The youngest of three native brothers, Joaquin Phoenix’s Kenai is a brash, fun-loving, adventurous and hotheaded hunter who’s looking for his place in the world. Since he’s coming of age, he’s looking forward to becoming a man, without actually knowing what that entails. On top of being annoyed by his older brother’s needling, he’s also not that fond of the local predators (our fellow omnivores) bears. Kenai’s fear of bears grows into outright prejudice after his eldest brother is killed by one in a lethal bear attack, so he tracks down the beast and slays it for revenge, ignoring his head and instincts – only to be turned into an animal by the local spirits, so he can walk in a mile in a bear’s shoes and learn a lesson in empathy.
For the first half of the film, Kenai is an immature and self-centered teen still hurting from the loss of his brother; he’s stubborn and misguided but he’s not unlikable and you want to see him become a better person than he currently is. Through a spiritual journey and an irrevocable change in the status quo, Kenai is forced to challenge what he believes in. With every new encounter, he starts to broaden his perspective, bit by bit. He comes to make peace with his brother’s passing, and in time regains who he used to be through his friendship with Koda while also growing into someone even better. By the second half of the film, he’s become a more laidback character who embraces the surrealness of the animal kingdom, and grows to be more responsible by increasingly prioritizing Koda’s needs over his own. His character arc progresses naturally for the kind of guy he is, and I found myself very invested in it, especially since this movie can get damnably intense.

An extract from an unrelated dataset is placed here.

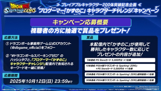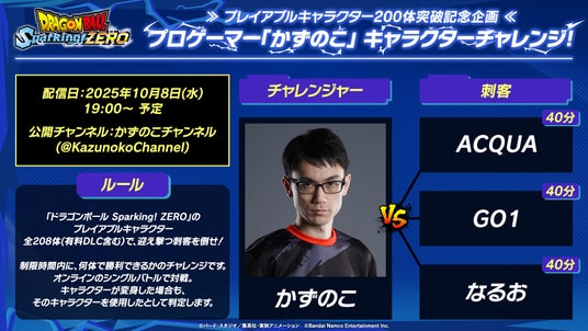 さらに、プレイアブルキャラクターが200体を突破したことを記念したライブ配信、『プロゲーマー「かずのこ」キャラクターチャレンジ』が、かずのこチャンネル(https://www.youtube.com/@KazunokoChannel)にて、2025年10月8日(水) 19:00より、配信決定!

Interestingly enough, despite there being no real ‘villain’ in “Brother Bear” with malicious intent (the same case as “Lilo and Stitch”), one can easily argue Kenai is the real antagonist of this movie, since he sets off everyone’s problems, including his own. When Kenai grows enough as a person to make this discovery for himself, he despairingly finds he’s dug himself into quite a hole and hurt everyone closest to him (whether it’s by putting Sitka in a position where he’d need to sacrifice himself for him, making Koda an orphan, or planting the seeds for madness in Denahi’s head) with nary a thing he can do now to fix any of it. It’s something that helps Kenai to stand out as a protagonist – very few Disney characters have arcs that build to them realizing they’ve become a bad guy and very few of them hit this low of a point.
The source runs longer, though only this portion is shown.